Es un hecho innegable que, de un tiempo a esta parte, se ha impuesto la cultura de asustar a la gente. Como si la pandemia hubiera abierto una era de miedo para gobernar y los estrategas en prospectiva y logística hubieran concluido que, visto el ensayo general de los estados de alarma y confinamientos supranacionales, cualquier directriz resultaría más eficaz si se acompaña de una llamada al pánico colectivo. Esta adherencia a atemorizar los estados de opinión no debe de ser casualidad. Siempre diremos que, por si acaso, conviene acatar los SOS que nos lanzan.

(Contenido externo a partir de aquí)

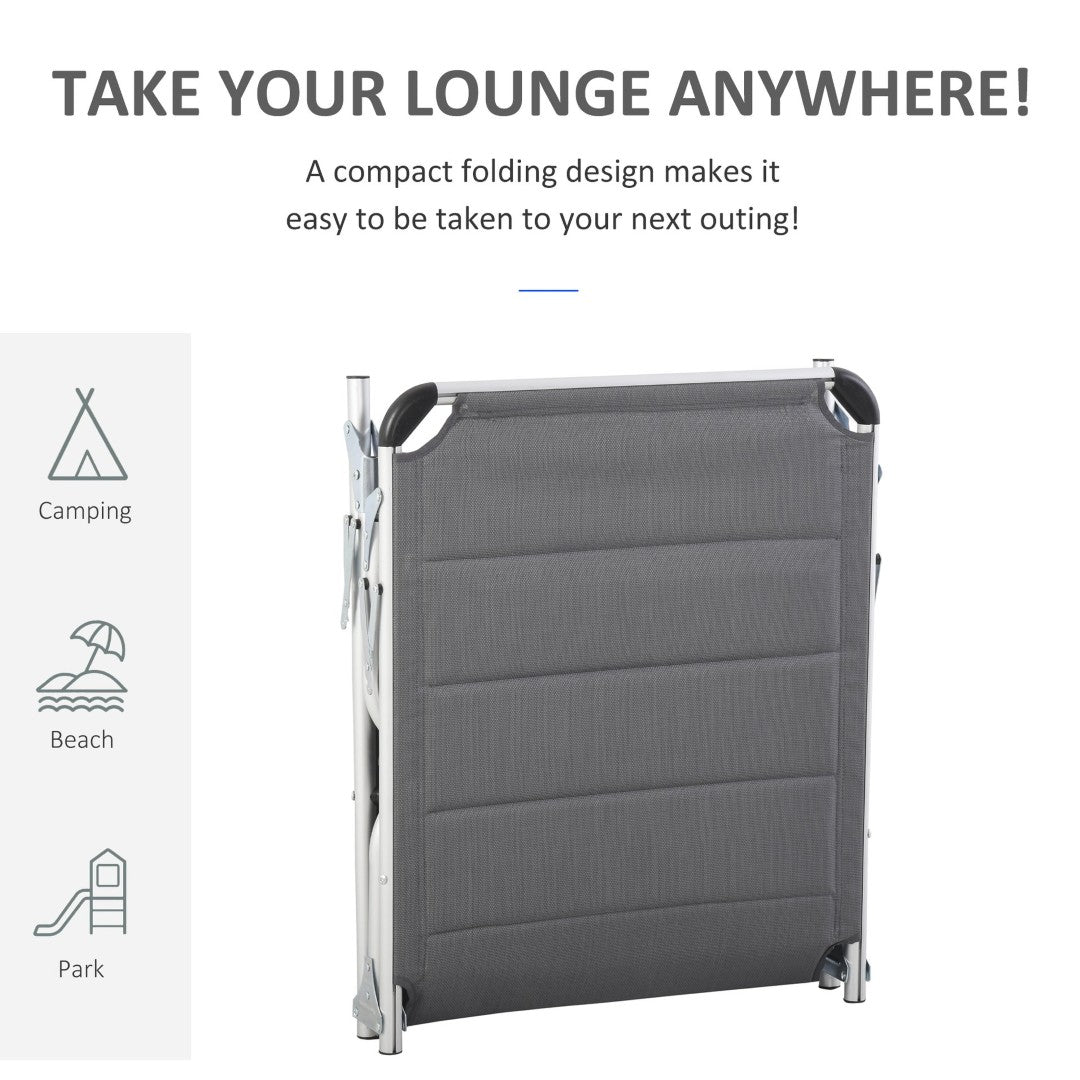 Enjoy sun-soaked relaxation with this versatile, foldable chaise lounge — designed for poolside chilling, beach days, patio naps, and camping comfort. Padded for comfort with a supportive headrest and a durable aluminum frame, it offers multiple reclining positions and compact storage to take relaxation wherever you go.

Pero, de igual modo, cabe pensar si, siendo obsecuentes y sumisos como corderos, no estaremos dejándonos llevar al degolladero. Nos urge dotarnos del viejo sentido crítico que alumbró regímenes democráticos en medio mundo. El borreguismo, que no el negacionismo que atenta contra el sentido común y la preservación de la vida, es una derivada de la pandemia. En términos políticos, acrecienta el poder de los gobiernos, minimiza la libertad y nos expone a cualquier experimento canalla de manipulación. Antes nos acojonaban menos y se aireaban poco los secretos de Estado sobre riesgos hipotéticos de todo orden. Ahora se difunden todos los informes internos de las potencias y el ciudadano de a pie vive con el alma en vilo ante la primera ocurrencia de un analista sobre una amenaza real o imaginaria. Hay una saludable alternativa de desinformación consciente cuando se llega a un punto de saturación. ¿Y quién sabe si este es o no es el caso?